In 2009, Riva-Cambrin et al. used a cohort of 343 patients to develop a clinical prediction rule for postresection hydrocephalus and validated it against another cohort of 111 patients from another institution in an attempt to identify high-risk patients who would benefit most from prophylactic ETV.[ 10 ] The group analyzed demographic, clinical, and radiographic factors. They performed stepwise multivariate regression to determine which factors were associated with a greater risk of needing CSF diversion after tumor resection and assigned point values reflecting the relative weights. The final scale is out of 10 points, with 3 points given for age <2 years, 1 point given for papilledema, 2 points given for moderate or severe hydrocephalus, 3 points given for cerebral metastases, and 1 point given for ependymoma, medulloblastoma, or dorsally exophytic brainstem glioma pathology predicted by preoperative radiology report. A score of >4 points was chosen as the cut-off for “high-risk.” Those with a score of 0–2 are predicted to have <20% chance of developing postresection hydrocephalus while the likelihood is >80% for those with a score of 7–10. High-risk (score 5–10) and low-risk (score 0–4) groups differed in posttest probabilities for developing postresection hydrocephalus by 48% (73% for high-risk, 25% for low-risk).[ 10 ] Foreman et al. later validated and modified Riva-Cambrin et al.’ predictive model, using fewer variables in a much smaller cohort (n = 99 patients): Age <2 years, moderate/severe hydrocephalus, preoperative tumor diagnosis per radiology report, and transependymal edema. These posterior fossa tumor patients were also stratified into high- and low-risk categories for development of postresection hydrocephalus.[ 5 ]
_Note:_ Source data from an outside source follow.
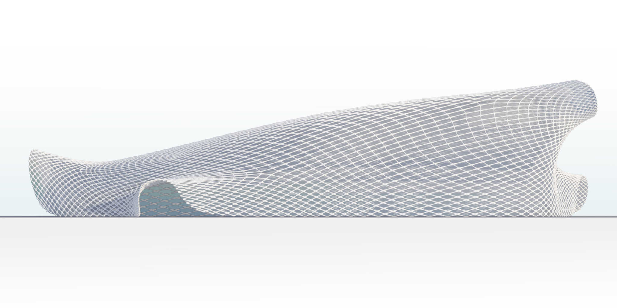 The fabric like gridshell allows strength in the weaving of pressurized tubes that expand a plastic film to form the programmatic spatial need. The pressurized tube grid transitions spacing by responding to the tension within the manipulated surface.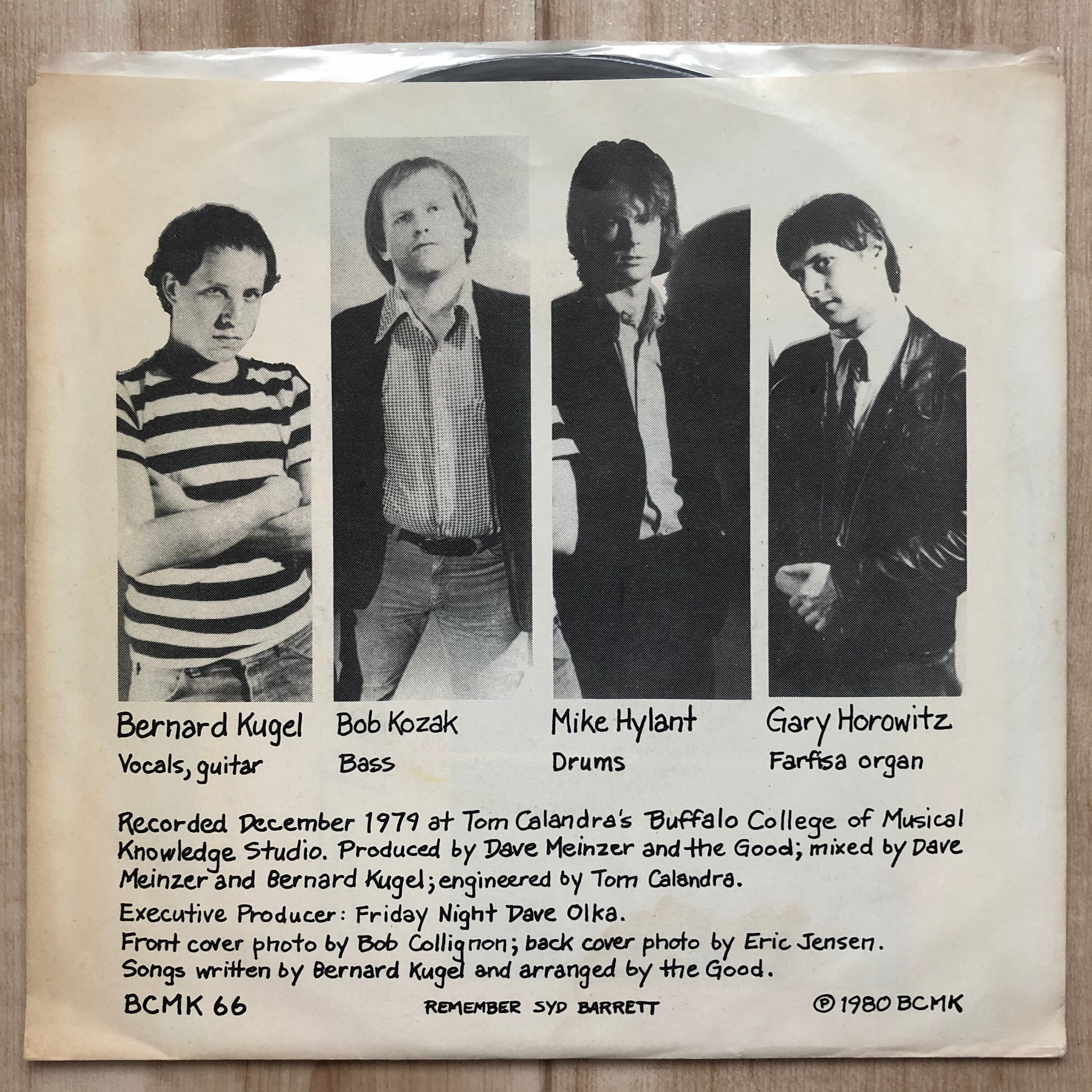 映画 Buffalo '66 等でご存知 Vincent Gallo が在籍していたとの噂もある、当時ニューヨーク州バッファローに数多存在した良質な PUNK/POWERPOP/GARAGE バンドの代表格 The Good の単独名義では当時唯一のシングル盤(もう一枚スプリット有)。特にB面 Clouds が大変 Good な仕上がり。インサート付属。レコード:vg++ ジャケット:vg+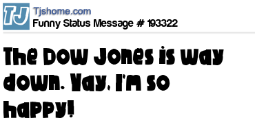 X is The Dow Jones is way down. Yay, I'm so happy!
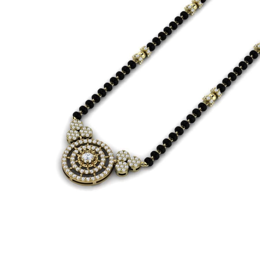 Gold and Diamond Pendant: The centerpiece is ornate, featuring a circular design with concentric rows of diamonds and a larger central diamond, flanked by floral motifs also studded with diamonds.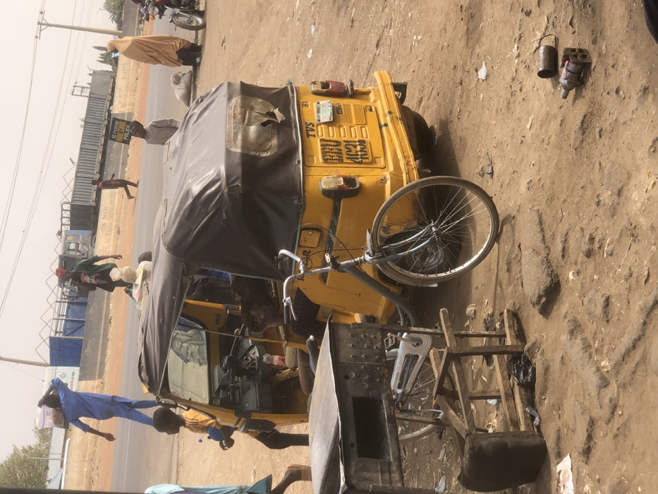 The scene depicts a dry, dusty roadside environment in Tukur Tukur, Nigeria, under a hazy sky. In the foreground, a yellow TVS brand motorized tricycle with a black fabric canopy is parked on a dirt shoulder. The tricycle's rear window is torn, and its license plate reads "BNU 403JL". A grey bicycle with white rims leans against a black metal stand that appears to incorporate a sewing machine mechanism. Next to this stand lies a broken wooden chair frame with a black cushion attached. Scattered debris, including plastic bottles and metal objects, is present on the dirt ground. A young boy in a yellow shirt and dark trousers stands near the open front of the tricycle, holding a blue object. A person in light blue attire is partially visible on the far left. In the midground, an asphalt road runs horizontally, separated from the dirt shoulder by a concrete barrier. On or near the road, several individuals are observed: a man in a blue tunic carries a white bucket on his head, walking left; another man in a dark green shirt and red cap carries a white bag over his right shoulder; a child in a light-colored shirt stands near a white sign displaying "NO PARKING BY POLICE," looking towards the viewer. Further right, a person cloaked in a light brown full-body garment stands beside a parked motorcycle. In the distant background, a large truck is visible on the road, accompanied by utility poles and overhead power lines.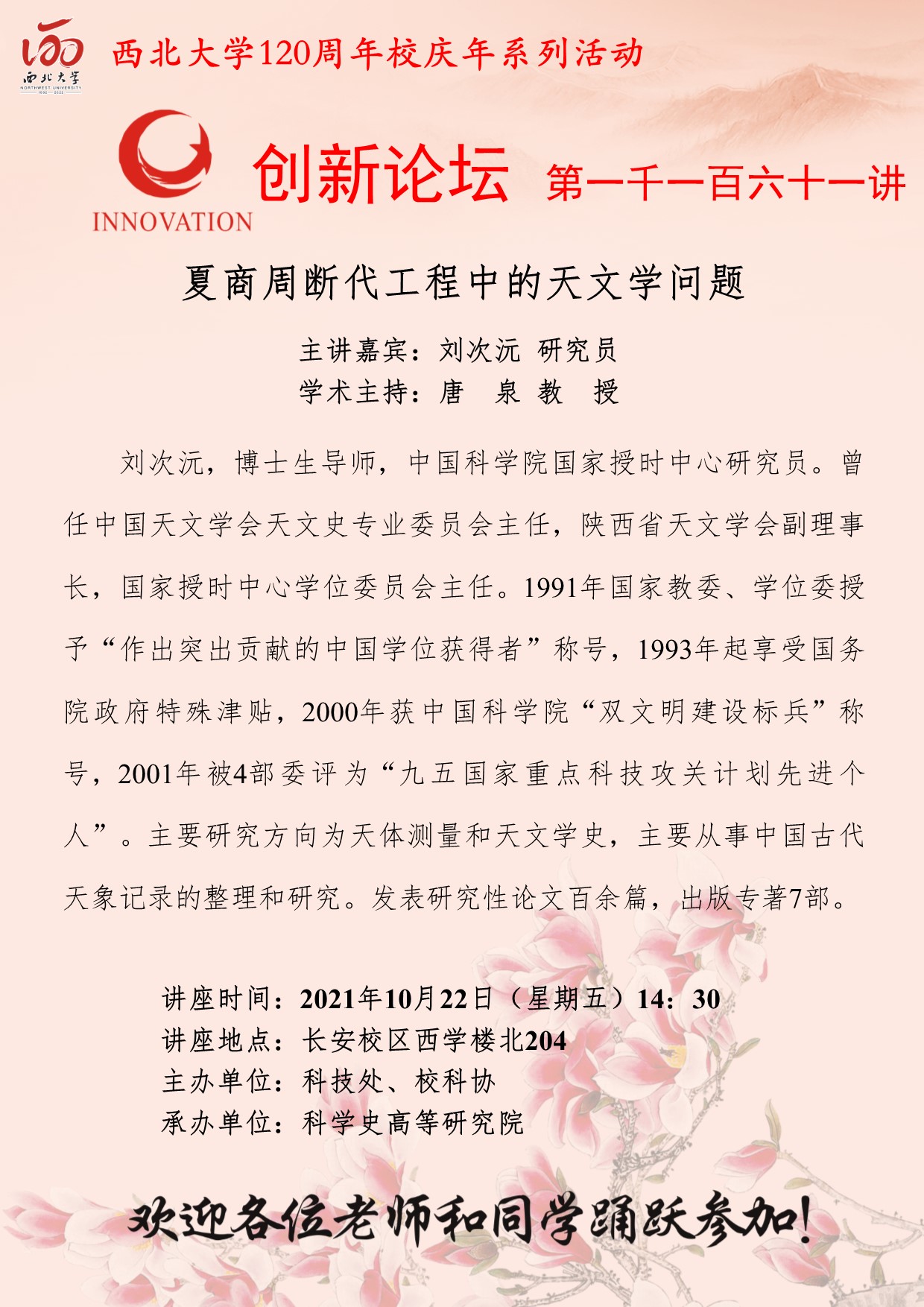 刘次沅 研究员 乐投平台创新论坛第一千一百六十一讲暨120周年校庆年系列活动:夏商周断代工程中的天文学问题 讲座时间 2021年10月22日(星期五)14:30 讲座地点 长安校区西学楼北204 讲座人介绍 刘次沅 研究员 讲座内容
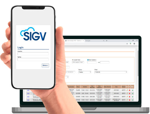 Para melhor atender nossos clientes, criamos um aplicativo onde o vistoriador através de um smartphone ou tablet preenche os dados da vistoria referente a cada equipamento e envia todas as informações em tempo real para uma plataforma, que pode ser acessada por nossos clientes a qualquer momento, efetuando consultas e mostrando o histórico de vistorias de suas frotas e situação atualizada.

There exists no class I evidence in the literature to guide the management of hydrocephalus in children with posterior fossa tumors. It is possible to draw guidance from the extant data highlighted above. As the overall incidence of postresection hydrocephalus is typically 30%, any anticipated benefit should be weighed against exposing the patient to more surgery or permanent shunt implantation. It is noted that in lower resource settings, there may be other considerations, including the cost of care, access to the operating room and need to minimize the number of surgeries. In our practice, in cases where there is no hydrocephalus on presentation, preresection CSF diversion is not done. In cases where there is symptomatic hydrocephalus on presentation, preresection EVD, VPS or ETV should be applied as clinically appropriate. EVD is favored for its advantages of expedient placement, external control over drainage perioperatively, and egress of resection-related blood and protein products. In cases where the child possesses multiple described risk factors for the development of postresection hydrocephalus, preresection prophylactic CSF diversion may be considered. Overall, close observation is recommended, with a preference for expectant management, rather than prophylactic surgery, and postresection definitive CSF diversion procedures undertaken only as clinically necessary.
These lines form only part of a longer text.